As I was thinking about all of this, I came across in an old book the remarkable analogy that if you emptied Waterloo Station — which is an enormous building in London — of everything but six specks of dust, if you took out all the people, all the trains, all the furniture, the sandwich carts, and all that was left was six tiny specks of dust — it would still be more crowded, with dust, than space is with stars.

The emptiness all around us is truly vast.

This of course brought to my mind the story that Alan Watts told from time to time — which as far as I can tell he made up, there’s no record of it anywhere outside his lectures — of an astronaut, returning to Earth who said:  “I have seen God; and She is black.”
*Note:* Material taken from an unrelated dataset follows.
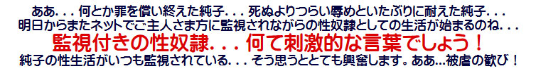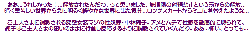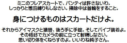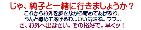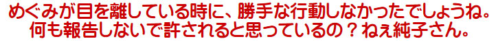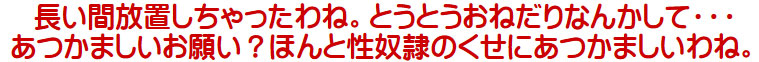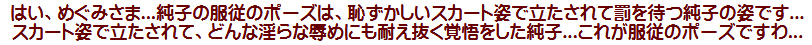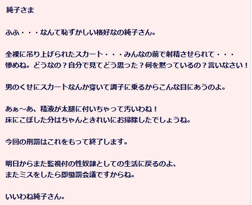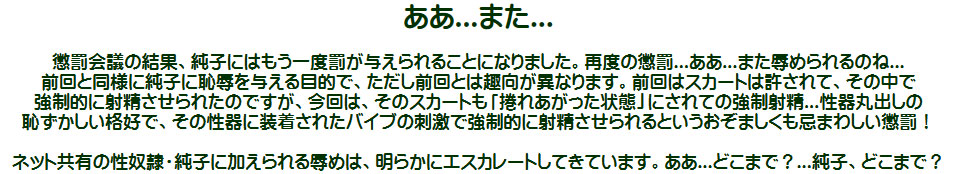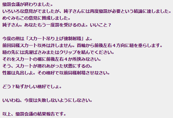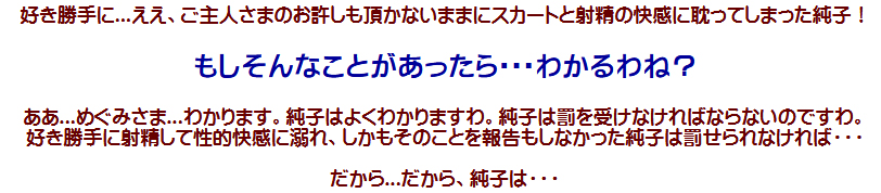 詳しく説明しなければなりません。もしめぐみさまが戻ってきた時にまだ居たら、おぞましい懲罰が純子に与えられます。ああ...どの道、純子を待つのは辱めの生き地獄ね...
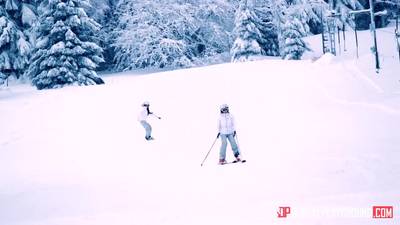 These two ski sluts want to get warm and they figure that the best way to do that is to fuck in an intense threesome

All of which made me think of the seventeenth century French Benedictine Friar Pierre Pérignon — who is remembered by the traditional honorific “Dom”, Dom Pérignon — a monastic at an abbey in the Champagne region of France — who was inspecting some of the abbey’s wine, which had begun to referment in the bottle, and was in danger of exploding, and is supposed to have called out, “Brothers, brothers, come quickly!  I am drinking stars!”

And so.  Sisters!  Brothers!  Come quickly.  Stars above us, stars below us; stars outside us, stars within; we hurtle, we drift, through the vast emptiness of space; together.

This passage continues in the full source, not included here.